In some respects The Boy is struggling to find his way in the world once more. Or maybe it’s the other way round, and the world is struggling to find a way to The Boy… he’s spent so long trying to conform, that sometimes I wish it was the rest of the world that would bend a little more and at least meet him halfway.
It struck me that in the middle of this storm, there are emails, letters, referrals and reports being written about him on an almost daily basis. Yet the more that is written, the further away from the real him they seem to become. Certainly they will list the behaviours, the concerns, the proposed strategies and so on, but they won’t even begin to come close to describing him. The real him. Perhaps it’s another reminder why I wanted to share our story. Because if I don’t write about the real boy, then sometimes it feels like his childhood will be lost forever, evaporating into the ether or even worse it will become buried deep under mountains of paperwork detailing behaviours and misdemeanours.

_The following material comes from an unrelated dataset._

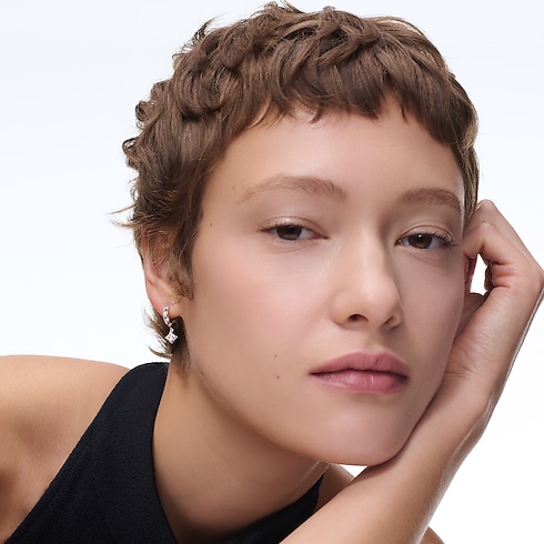 Il piccolo orecchino a cerchio LV Diamonds esalta l’eccezionale savoir-faire della Maison. Realizzato in oro bianco 18 carati, il sofisticato gioiello è impreziosito da un diamante con taglio LV Monogram Star e da altri dal taglio brillante rotondo, mentre il castone è proposto a forma di fiore Monogram stilizzato per un tocco distintivo. Raffinato, versatile e perfetto per abbinamenti esclusivi, il pregiato accessorio rappresenta un dono indimenticabile da custodire per sempre.
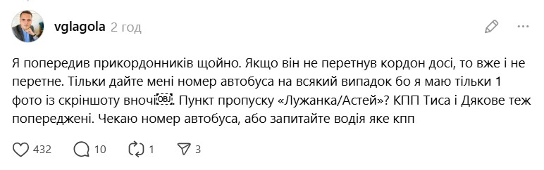 На своєму тг-каналі Віталій Глагола написав, що "італійцю Рокко на КПП «Чоп-Захонь» оформлюють картку відмови у вʼїзді в Україну і заборону в нашу державу на кілька років".

So to that end I wanted to share two short stories that happened recently. They’re not particularly groundbreaking, but they mean a lot to me. Because these two stories encapsulate him. My son. They come closer to describing the very essence of him than any report ever can.
Story one goes a little bit like this…
The Boy doesn’t like seeing homeless people. It upsets him. He isn’t offended by them, far from it, it’s more that he just struggles to get his head around the notion that some people have nowhere to call ‘home’.
So, a few weeks ago we wandered into Tesco. And there in the entrance was a local foodbank. They were collecting donations, and had printed on a piece of paper the items they were looking for. I told The Boy they helped to give food to those people who didn’t have enough money. He asked if that included the homeless. I said yes, it probably did. So we took a printed list, and I told The Boy that he was in charge and he could pick two things from the list to donate. The list was filled with household essentials - shampoo, tinned meat, pasta, baked beans. Boring things apparently. The Boy refused to pick any of it. We’d finished our shopping at this point, and still he’d selected nothing for the foodbank. I asked him if he wanted to get something that wasn’t on the list instead. He nodded. “What do you want to buy?”, I asked. “I want to get hot chocolate and biscuits so they can have them at bedtime”.
Story two is a bit shorter…
The Boy came home the other day and said that he felt sad as there was a teacher at school whose grandmother had died. “That’s sad”, I said, “what did you do?”
“I gave him a hug”, The Boy told me. “And I said to him, ‘I’m sorry for your loss’. Because that’s what you say when someone dies. I saw it on Tracy Beaker.”
Keep being brilliant, son. Shine bright. The world will catch up eventually.